[[ Available data open ]]

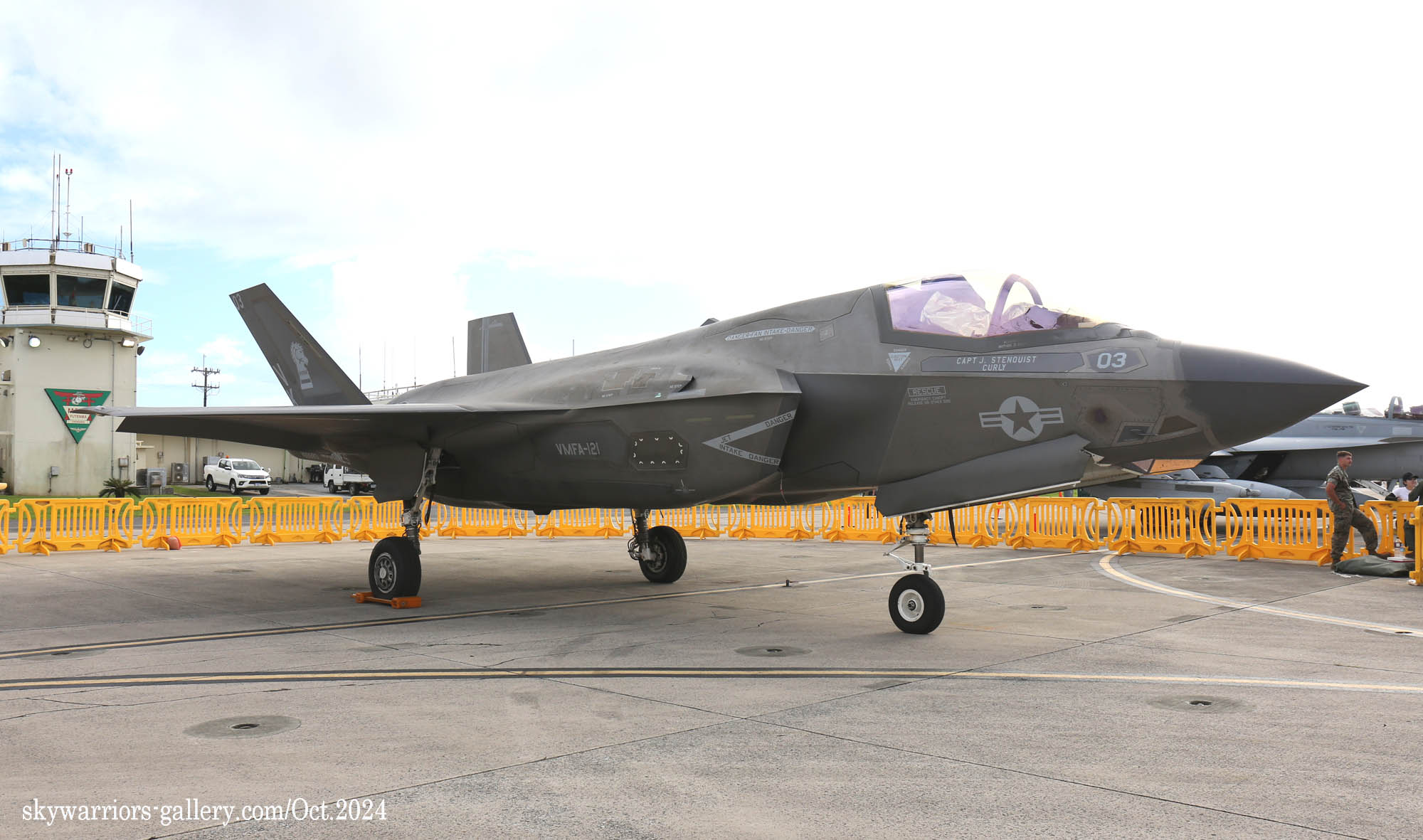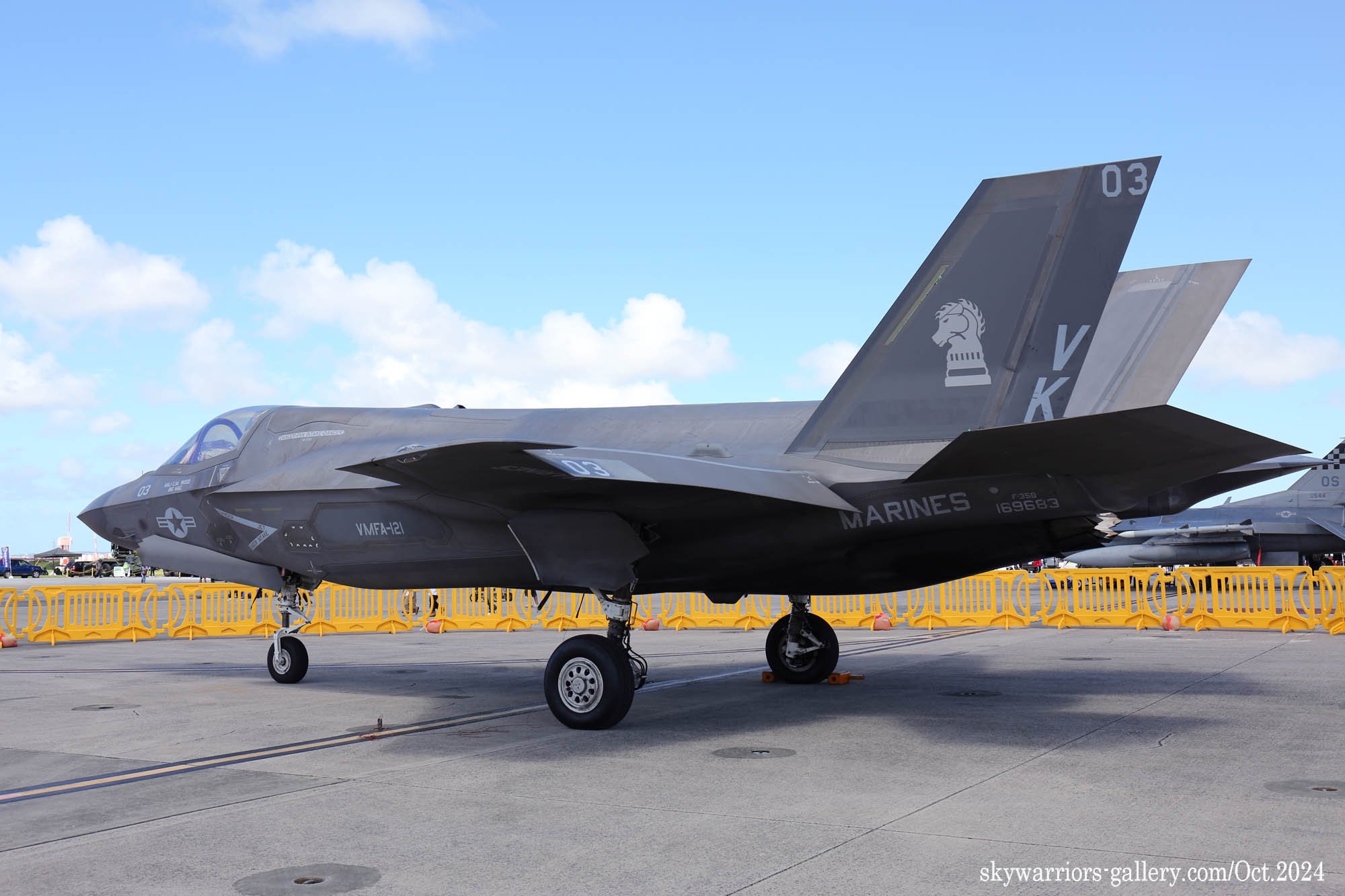 ↑ 2024年10月に開催された普天間基地開放で展示されたVMFA-121のF-35B/Bu.No.169683。この機体だけ作に囲まれていたのは、ステルス機で最新鋭の為だろうが、アメリカ本国でも既に観客が触れる状態での展示が始まっているので、何れそうなるのかもしれない。
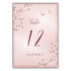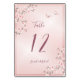 Esta elegante carta de número da mesa de casamento mostra flores de cereja rosa e poeirenta bonito em um fundo de marisco de seda.
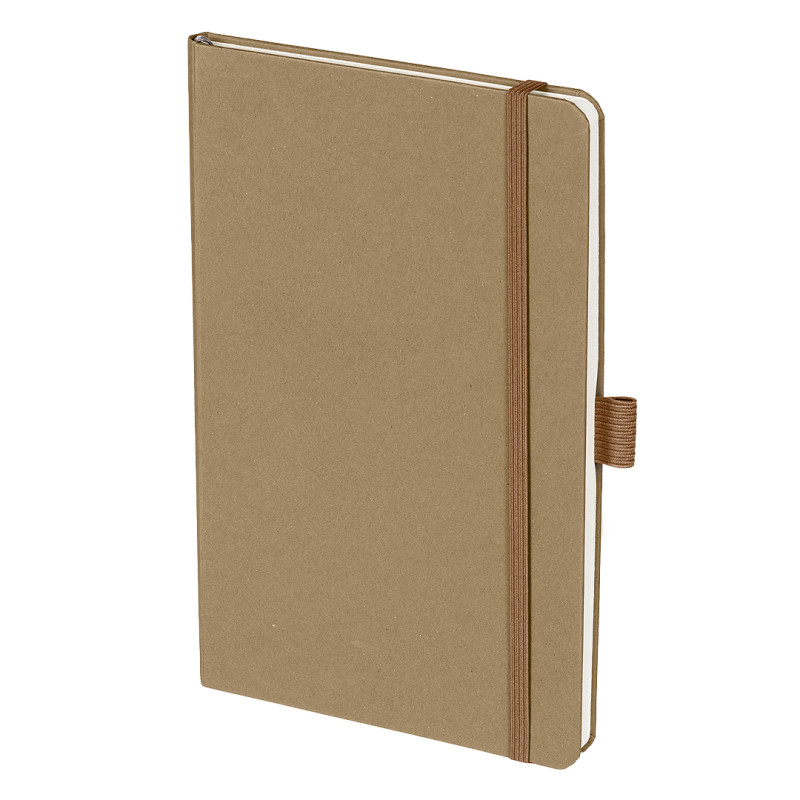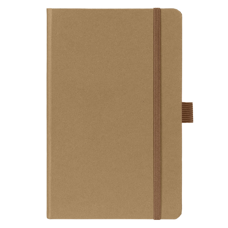 Notes formata A5 sa zaobljenim ivicama, elastičnom trakom i držačem za olovku, namenjen promotivnim projektima sa fokusom na održive materijale. Korica je izrađena od mešavine bio materijala i papira renomiranog italijanskog proizvođača papira FAVINI, dok je unutrašnji knjižni blok proizveden od recikliranog papira. Knjižni blok u linije sa 160 strana krem papira gramature 70 g/m² omogućava kvalitetno i prijatno pisanje u svakodnevnoj upotrebi.
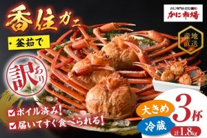 訳あり 茹で香住ガニ(茹でベニズワイガニ)大きめサイズ 約600g×3匹(約1.8kg以上)
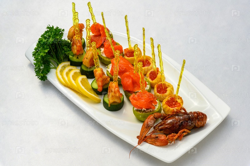Приготовленный рак с закусками на шпажках на тарелке
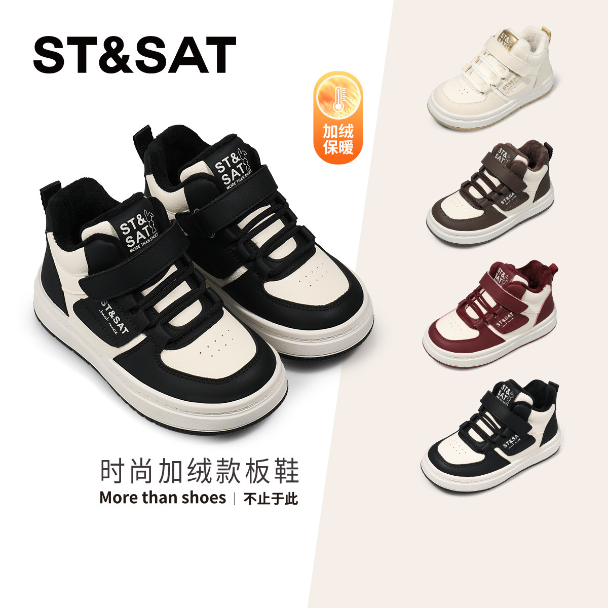 星期六童鞋儿童板鞋秋冬新款休闲百搭软底男童鞋子女童加绒运动鞋
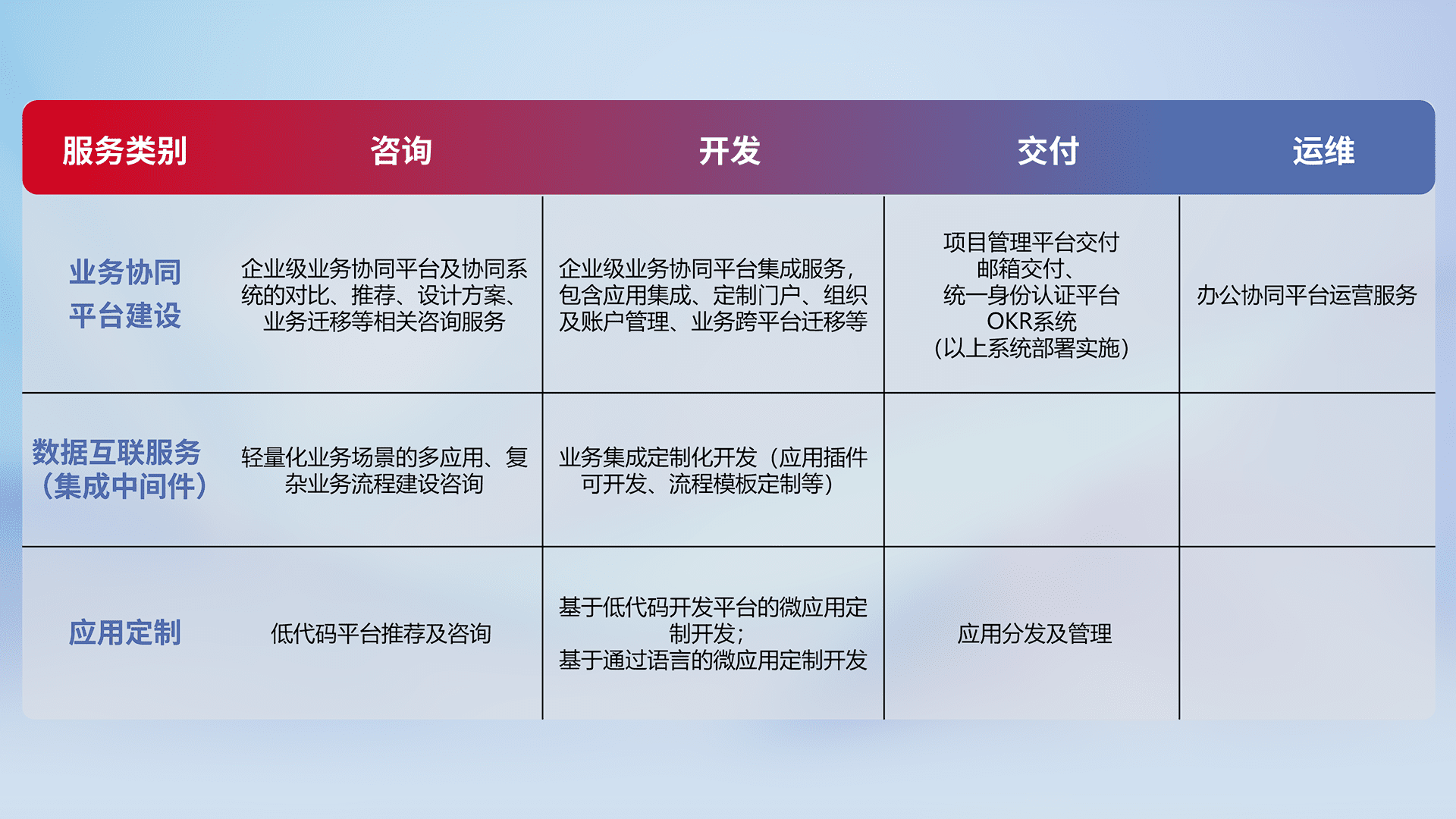 针对钉钉、、、企微、、、、IDaas等平台级产品提供产品的规划、、、、方案、、、、交付、、定制化开发等服务,,实现如统一协同办公、、智能客户服务、、混合会议管理、、智能数据查询、、、等业务场景,,实现数字化转型。。。
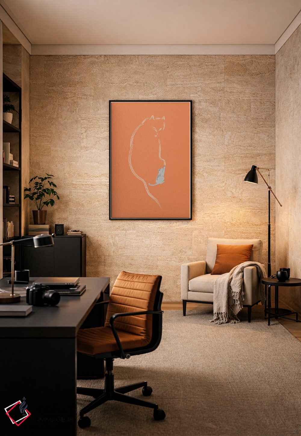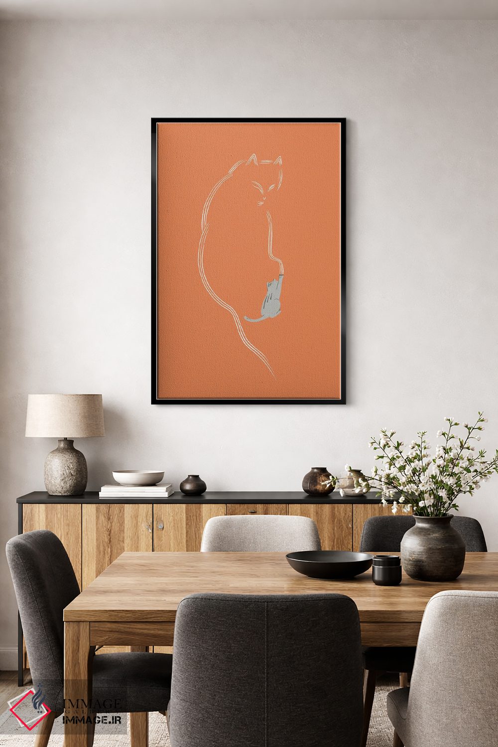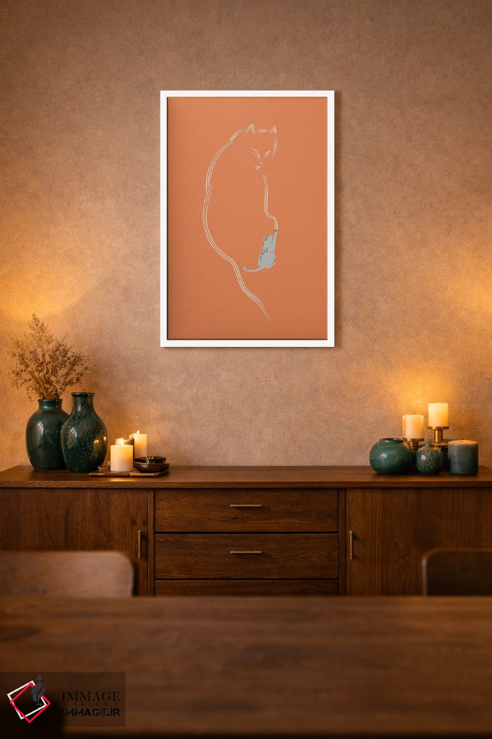 «گربه هنرمند» اثرِ «لیم هنگ سوی» از آن کارهاییست که در کنار رنگهای خنثی، تضاد دلچسبی میسازد؛ برای کافههای کوچک و صمیمی انتخاب خوبیست. با قاب چوبی یا مشکی، حس مرتبتری پیدا میکند.
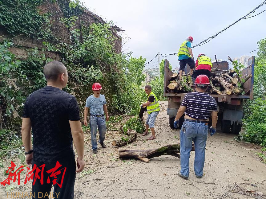 因端午节假日期间衡阳频繁出现暴雨、大风等恶劣天气,担心围墙上的枯树枝被风吹下来砸伤路人,七里井社区紧急联系石鼓区园林部门,利用端午假期加班加点,清除有机合成围墙上的枯树、杂树,保障道路安全通行。
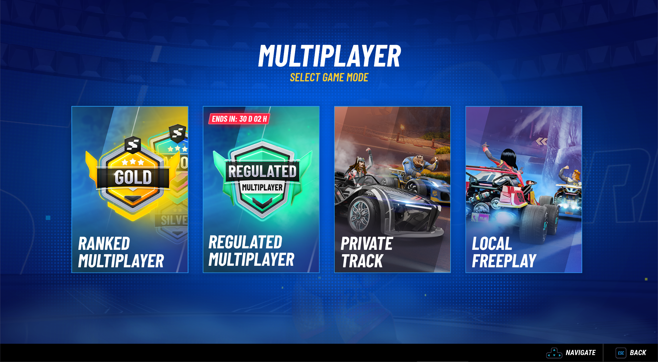 • This menu will contain the Ranked Multiplayer, Regulated Multiplayer, Private Track & Local Freeplay game modes.
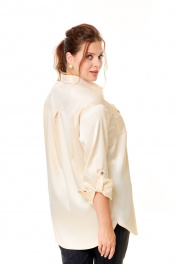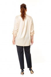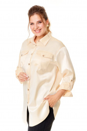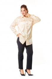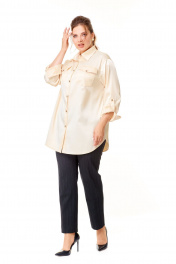 Стильная женская рубашка-блуза оверсайз в светлобежевых оттенках из высококачественного русского атласа станет прекрасным дополнением вашего гардероба. Свободный крой и классический воротник придают образу элегантность и женственность. Застёжка спереди на петли и оригинальные пуговицы добавляет шарма и делает рубашку ещё более привлекательной. Карманчики с клапанами на передних половинках рубашки также застёгиваются на пуговицы, обеспечивая удобство и функциональность. Рукава дношовные полуспущенные с манжетами внизу и застёжкой на пуговицы позволяют экспериментировать с образом, добавляя оригинальности и неповторимости. Паты в рукавах дают возможносьносить рубашку разными способами, что делает её ещё более универсальной. Притачная кокетка на передних половинках и спинке рубашки подчёркивает изящество и изысканность обладательницы этого стильного предмета гардероба. Сборка по центру спинки кокетки акцентирует внимание на утончённости и элегантности женщины, которая носит эту рубашку. В образе с рубашкой для фотосъемки мы использовали брюки нашего бренда с артикулом 2013. Фотомодель на фотографиях ростом 172 сантиметра, с обхватом груди – 102, талии – 85, бедер – 113 см. Размер – 52 (как и размер рубашки на фото). Точные замеры в каждом размере блузы и маек прилагаются к описанию ниже. Ссылка на видеоролик с женской одеждой нашего бренда на нашем канале: https://www.youtube.com/watch?v=fDWkme2TyOQ https://www.youtube.com/@AbbiClothes Фактические замеры изделий (в готовом виде), в которых: ОГ – обхват груди; ОТ – обхват талии; ОБ – обхват бедер; ДИ – длина изделий (по спинке); ДР – длина рукава (от выреза горловины/от плечевого шва); ШП – ширина по плечикам/по спинке в области лопаток. Рост фотомодели – 172 см, размер фотомодели – 52. Размер 48 ОГ – 112; ОТ – 112; ОБ – 116; ДИ – 82; ДР – 78/57; ШП – 47/45 Размер 50 ОГ – 116; ОТ – 116; ОБ – 120; ДИ – 83; ДР – 78/57; ШП – 49/47 Размер 52 ОГ – 120; ОТ – 120; ОБ – 124; ДИ – 85; ДР – 80/58; ШП – 50/48 Размер 54 ОГ – 124; ОТ – 124; ОБ – 128; ДИ – 86; ДР – 81/58; ШП – 51/49 Размер 56 ОГ – 128; ОТ – 128; ОБ – 132; ДИ – 87; ДР – 81/58; ШП – 51/49 Размер 58 ОГ – 132; ОТ – 132; ОБ – 136; ДИ – 88; ДР – 81/58; ШП – 52/50 Размер 58 ОГ – 132; ОТ – 132; ОБ – 136; ДИ – 89; ДР – 81/58; ШП – 52/50 Размер 60 ОГ – 136; ОТ – 136; ОБ – 140; ДИ – 90; ДР – 81/58; ШП – 55/53 Размер 62 ОГ – 140; ОТ – 140; ОБ – 144; ДИ – 91; ДР – 82/57; ШП – 56/54 Размер 64 ОГ – 144; ОТ – 144; ОБ – 148; ДИ – 92; ДР – 83/57; ШП – 58/56
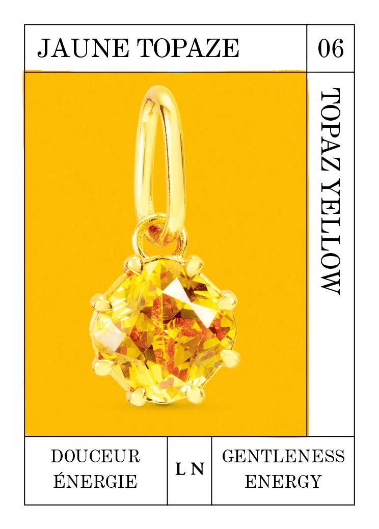 Pendentif Jaune Topaze, pierre en verre taillé sertie en laiton doré à l’or fin. Il porte en lui toute la clarté des jours les plus vifs, de ces solstices vibrants d’une énergie qui semble intarissable. Topaze proviendrait d’un mot sanskrit signifiant chaleur ou feu.
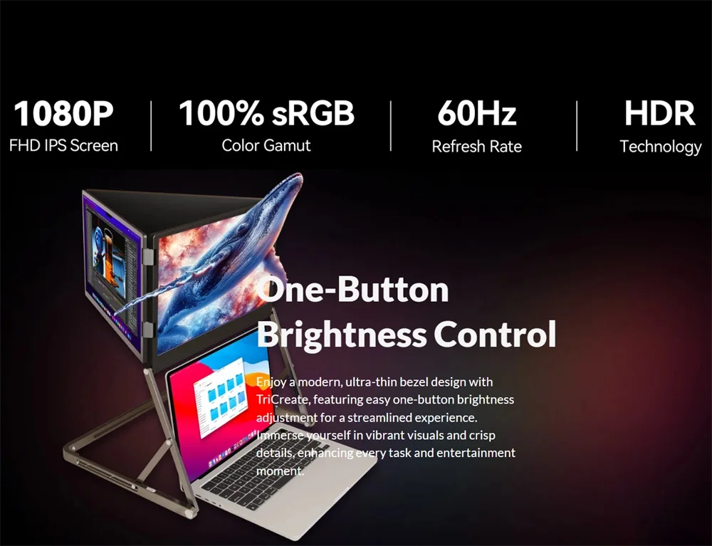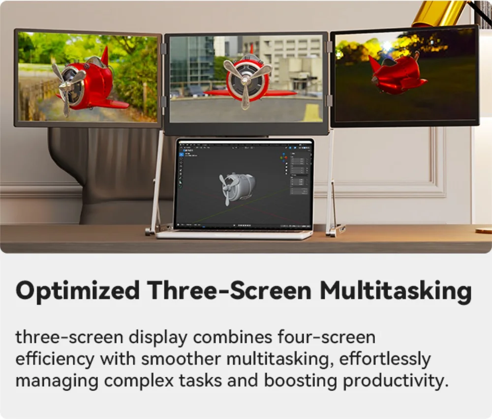 ⚠️Easily connect three external monitors with one cable: Type-C or USB-A + HDMI.

[[ Available data closed ]]

# Task brief:
All lines after and including the one with "Pendentif Jaune Topaze, pierre", through the end of the entries above, should be output exactly and by themselves. The pictures are to be left out.

# Task answer:
 Pendentif Jaune Topaze, pierre en verre taillé sertie en laiton doré à l’or fin. Il porte en lui toute la clarté des jours les plus vifs, de ces solstices vibrants d’une énergie qui semble intarissable. Topaze proviendrait d’un mot sanskrit signifiant chaleur ou feu.
 ⚠️Easily connect three external monitors with one cable: Type-C or USB-A + HDMI.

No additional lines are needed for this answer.